The sum of the series
`(x-1)/(x+1)+1/2(x^(2)-1)/(x+1)^(2)+1/3(x^(3)-1)/(x+1)^(3)`+…is equal to

To find the sum of the series \[ S = \frac{x-1}{x+1} + \frac{1}{2} \cdot \frac{x^2-1}{(x+1)^2} + \frac{1}{3} \cdot \frac{x^3-1}{(x+1)^3} + \ldots \] we can break down the series step by step. ### Step 1: Rewrite Each Term Each term in the series can be rewritten.
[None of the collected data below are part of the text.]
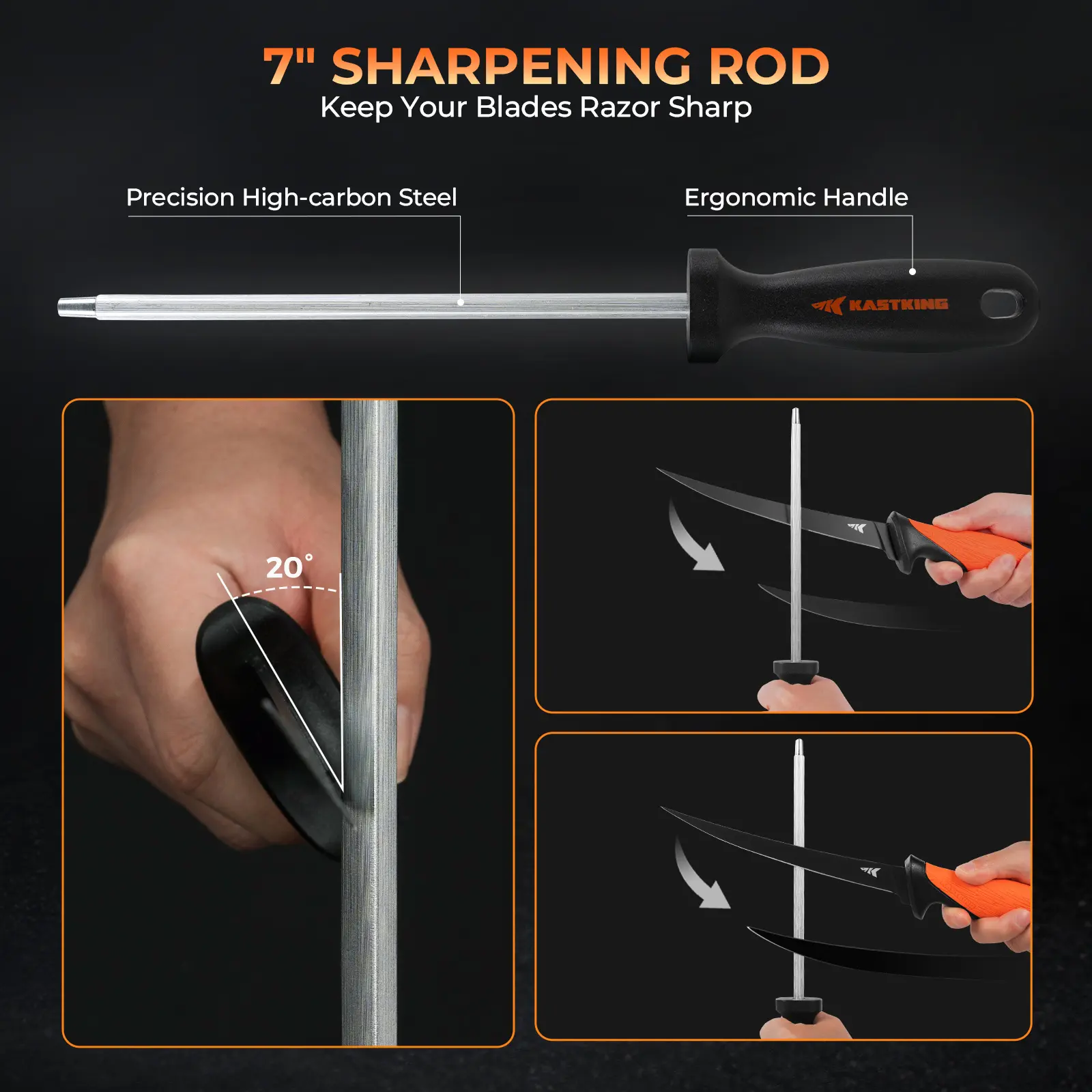 ·DURABLE FILLET KNIFE & CERAMIC SHARPENER: The 7" fillet knife is made from corrosion-resistant G4116 stainless steel, offering ideal flex and razor-sharp cuts. Its non-slip elastomer ergonomic handle ensures comfort and control. The fillet knife is designed with a lanyard hole for secure attachment. The included 7" sharpening rod helps you to maintain a sharp blade. Crafted from precision high-carbon steel with an ergonomic handle for durability and easy use
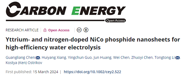 近日,我校工学院材料工程系陈光良教授(第一作者兼通讯作者)以我校为第一单位在材料科学领域国际著名期刊《Carbon Energy》(中科院一区TOP,IF:20.5)上,发表题为“Yttrium‐ and nitrogen‐doped NiCo phosphide nanosheets for high‐efficiency water electrolysis”的研究文章。
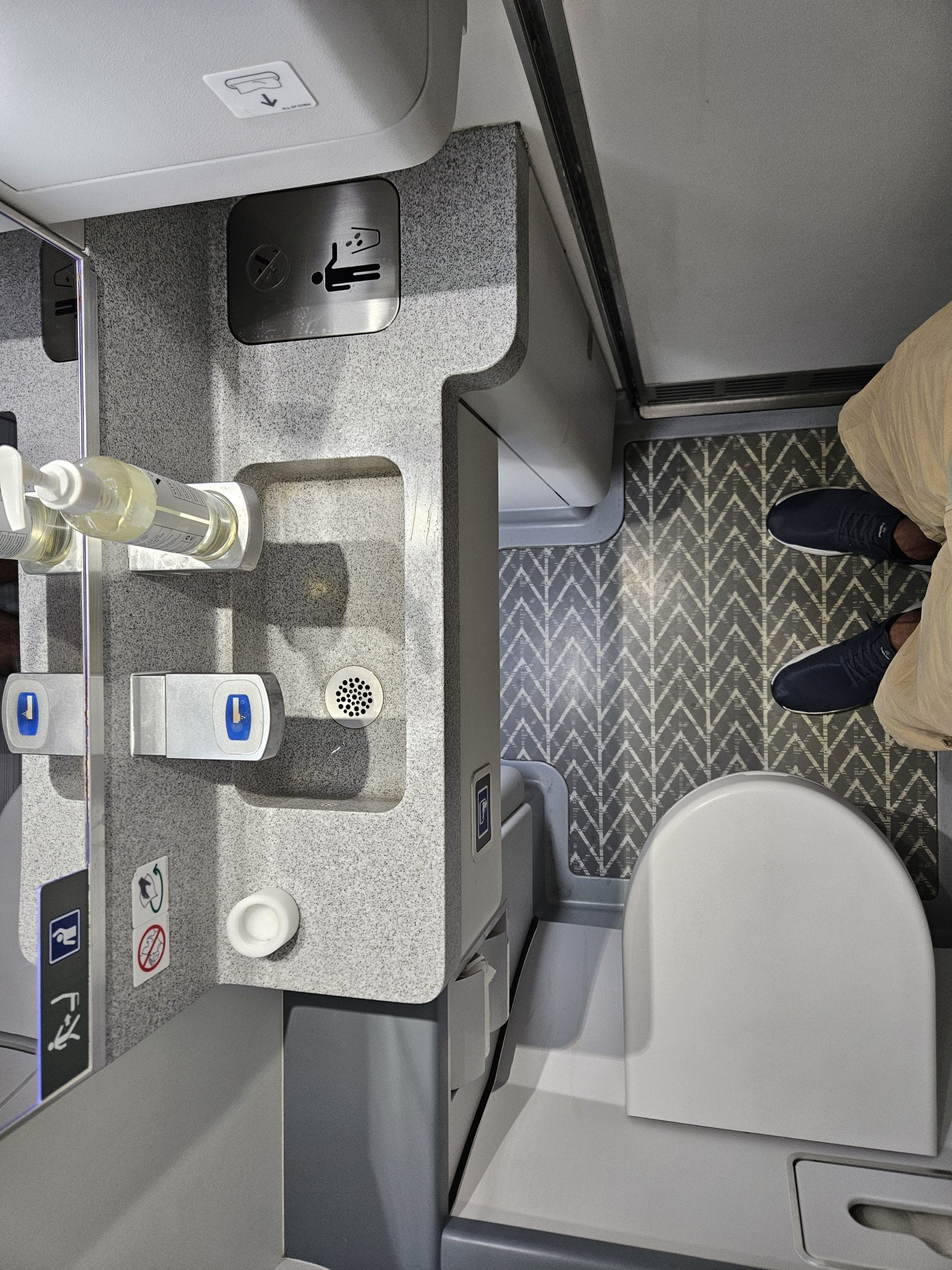 Regarding the restrooms, they follow the typical layout seen on most aircraft, guaranteeing that passengers have access to the amenities they need in a very limited amount of space.
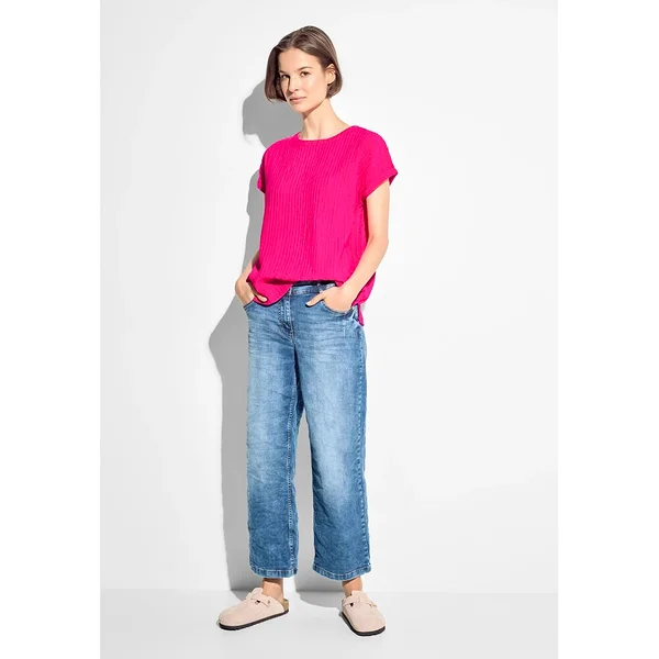 Erksavärviline pluus kergest kortsukangast. Sirge lõige ja mugav istuvus teevad sellest ideaalse igapäevase valiku – sobib hästi nii teksade kui ka seelikuga. Mõnus kanda soojal hooajal. Ümar kaelus ja lühikesed varrukad.
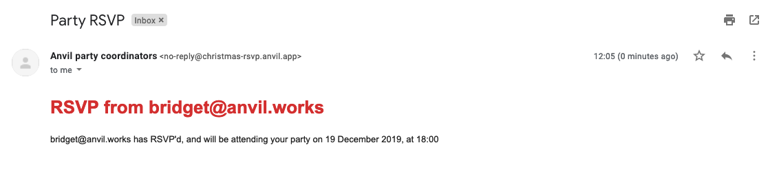 anvil.server.call('rsvp', party, respondent, rsvp)Now, your host will get an email each time they receive an RSVP!
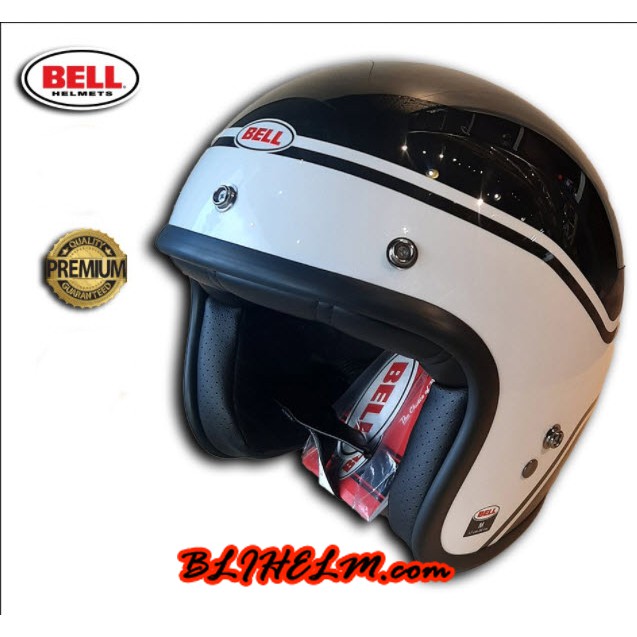 Jual HELM BELL CUSTOM 500 STREAK GLOSS BLACK WHITE OPEN FACE Very well made.
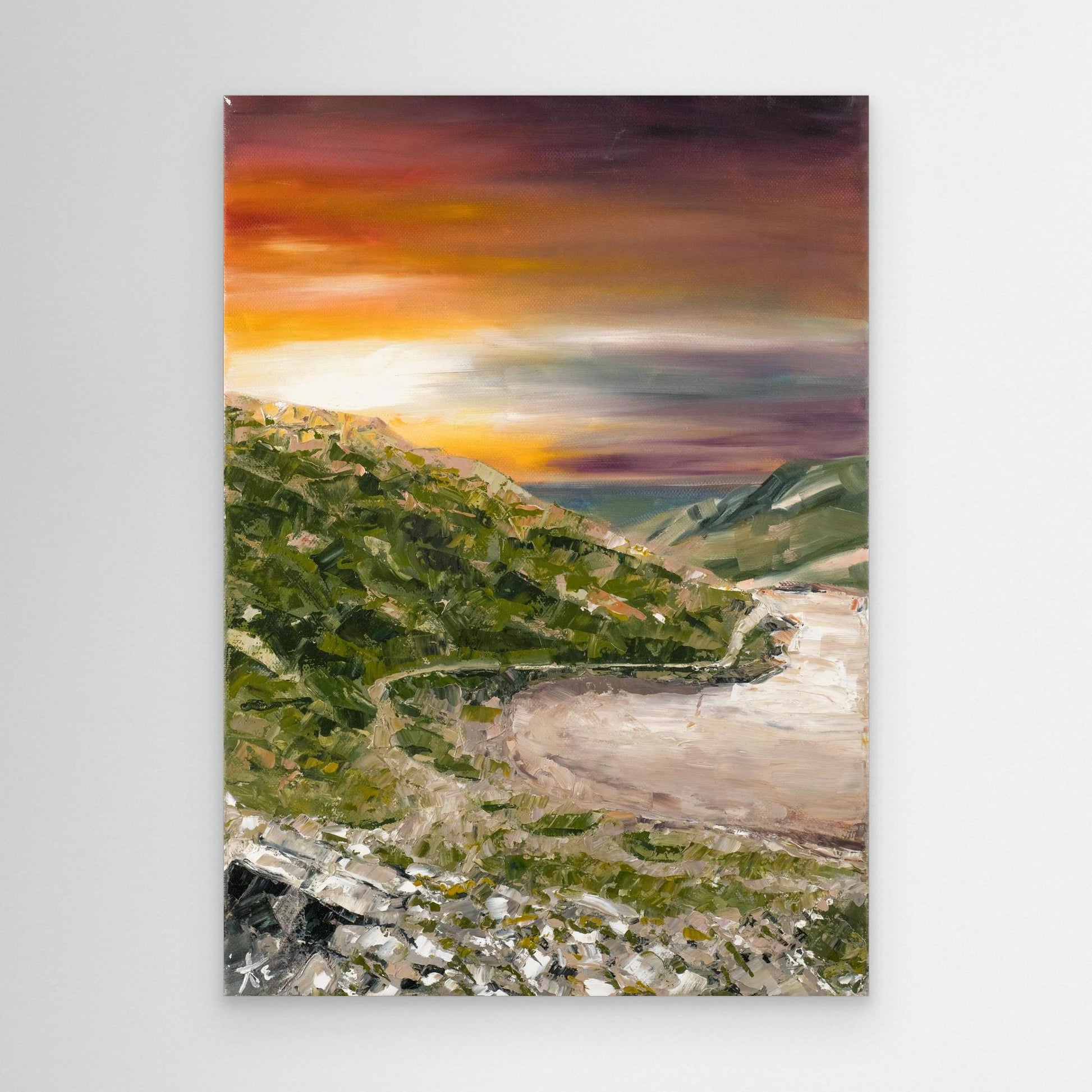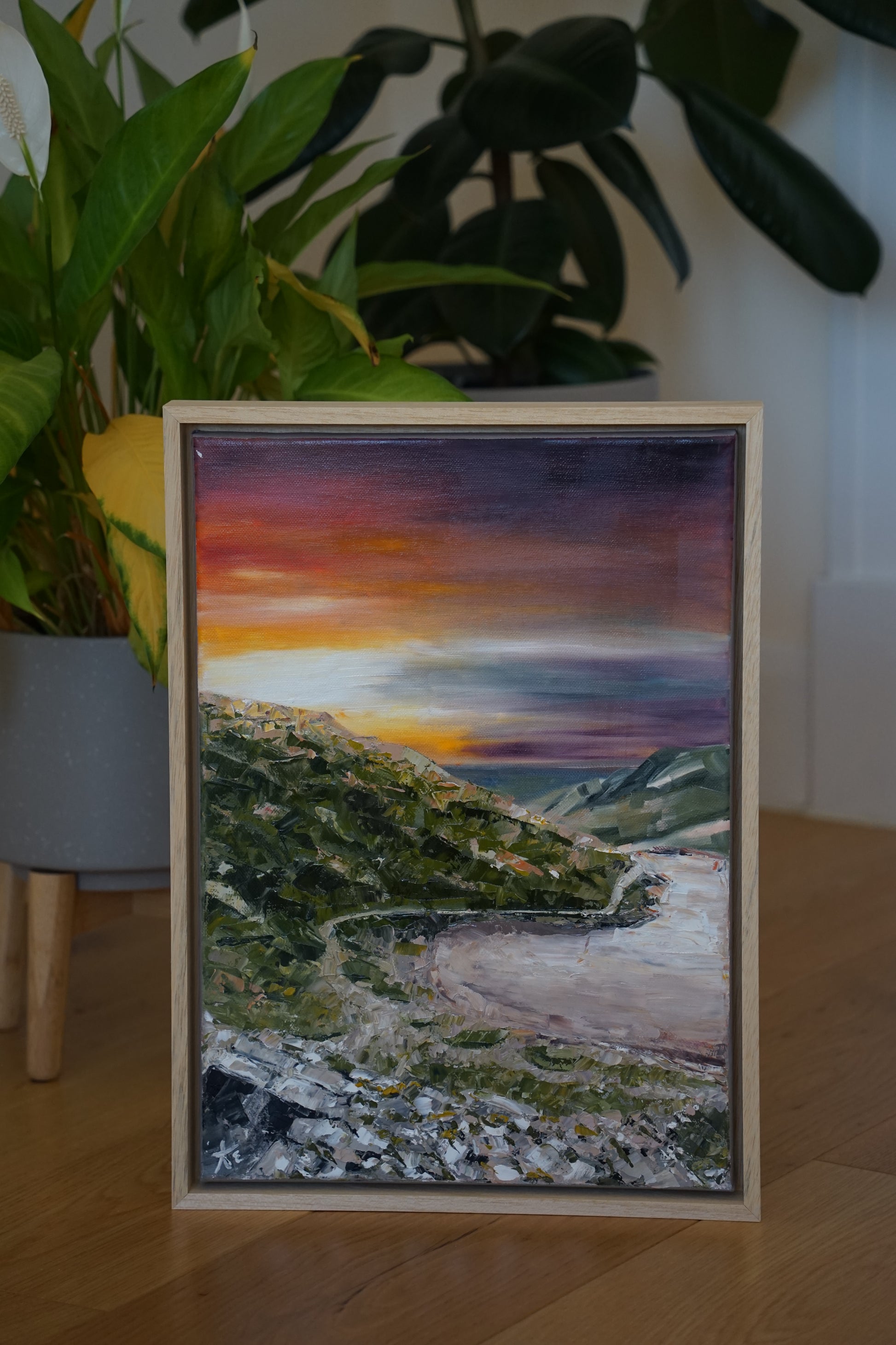 Oil painting on stretched canvas. Framed in a natural wooden floater frame, with a 36mm/53mm depth to give your artwork that stunning floating effect. Ready to hang.
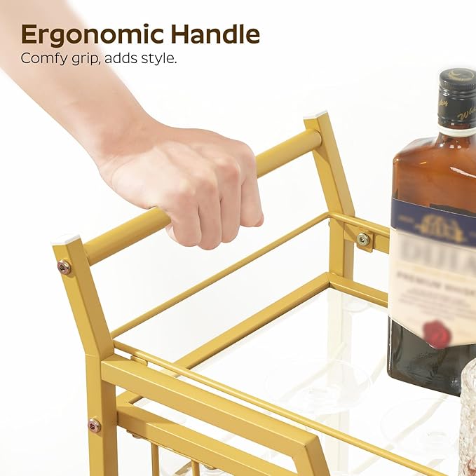 Bar Cart, 3-Tier Bar Cart for The Home, Home Bar Serving Cart with Glass Holders, Beverage Cart for Kitchen, Dining, Party Room, Gold BC03GD
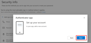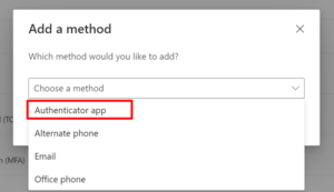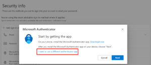 11. Ao carregar em Authenticator app irá abrir uma janela do Microsoft Authenticator, clique em ‘I want to use a different authenticator app‘:
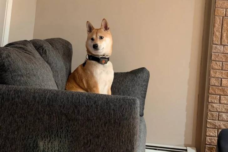 Un Shiba Inu assis sur un canapé et portant un collier autour du cou
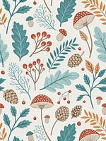 Deze illustratie is een prachtig en ingewikkeld patroon van boselementen, perfect om het gezellige gevoel van de herfst binnenshuis te brengen. Het ontwerp bestaat uit een charmante mix van grillige paddenstoelen, dennenappels en verschillende soorten gebladerte in een rustiek, aards kleurenpalet. De handgetekende stijl geeft het kunstwerk een warme, organische uitstraling, waardoor het een ideale keuze is voor een breed scala aan producten, van woningdecoratie en textiel tot briefpapier en kleding. Dit betoverende ontwerp geeft de essentie weer van een vredige wandeling door het bos op een frisse herfstdag.
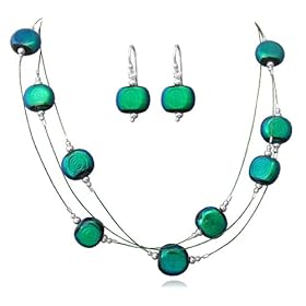 Sterling Silver Dichroic Glass Green with Blue Highlight Flat Round Bead Necklace and Earrings Set, 18": Jewelry
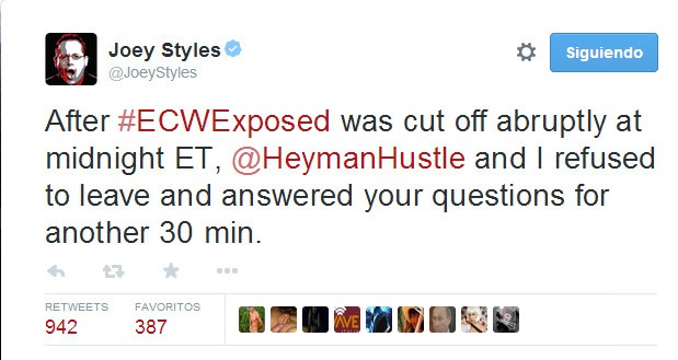 Heyman y Joey Styles se extendieron en el programa hasta la media noche, cuando el canal cortó la transmisión.Después de eso, ambos siguieron platicando y contestando laspreguntas de los aficionados. Así lo dijo Joey Styles:

The first term is: \[ \frac{x-1}{x+1} = \frac{x}{x+1} - \frac{1}{x+1} \] Similarly, the second term can be rewritten as: \[ \frac{1}{2} \cdot \frac{x^2-1}{(x+1)^2} = \frac{x^2}{2(x+1)^2} - \frac{1}{2(x+1)^2} \] And the third term is: \[ \frac{1}{3} \cdot \frac{x^3-1}{(x+1)^3} = \frac{x^3}{3(x+1)^3} - \frac{1}{3(x+1)^3} \] So, we can express the series as: \[ S = \left( \frac{x}{x+1} + \frac{x^2}{2(x+1)^2} + \frac{x^3}{3(x+1)^3} + \ldots \right) - \left( \frac{1}{x+1} + \frac{1}{2(x+1)^2} + \frac{1}{3(x+1)^3} + \ldots \right) \] ### Step 2: Identify the Two Series Let’s denote the two parts of the series: 1. **Positive Part**: \[ S_1 = \frac{x}{x+1} + \frac{x^2}{2(x+1)^2} + \frac{x^3}{3(x+1)^3} + \ldots \] 2. **Negative Part**: \[ S_2 = \frac{1}{x+1} + \frac{1}{2(x+1)^2} + \frac{1}{3(x+1)^3} + \ldots \] ### Step 3: Recognize the Series as Logarithmic Forms The positive part \( S_1 \) can be recognized as a series that resembles the Taylor series expansion for \(-\log(1-x)\): \[ S_1 = -\log\left(1 - \frac{x}{x+1}\right) = -\log\left(\frac{1}{x+1}\right) = \log(x+1) \] The negative part \( S_2 \) can be expressed similarly: \[ S_2 = -\log\left(1 - \frac{1}{x+1}\right) = -\log\left(\frac{x}{x+1}\right) = \log(x+1) - \log(x) \] ### Step 4: Combine the Results Now, substituting back into the expression for \( S \): \[ S = S_1 - S_2 = \log(x+1) - \left(\log(x+1) - \log(x)\right) \] This simplifies to: \[ S = \log(x) \] ### Final Answer Thus, the sum of the series is: \[ \boxed{\log(x)} \]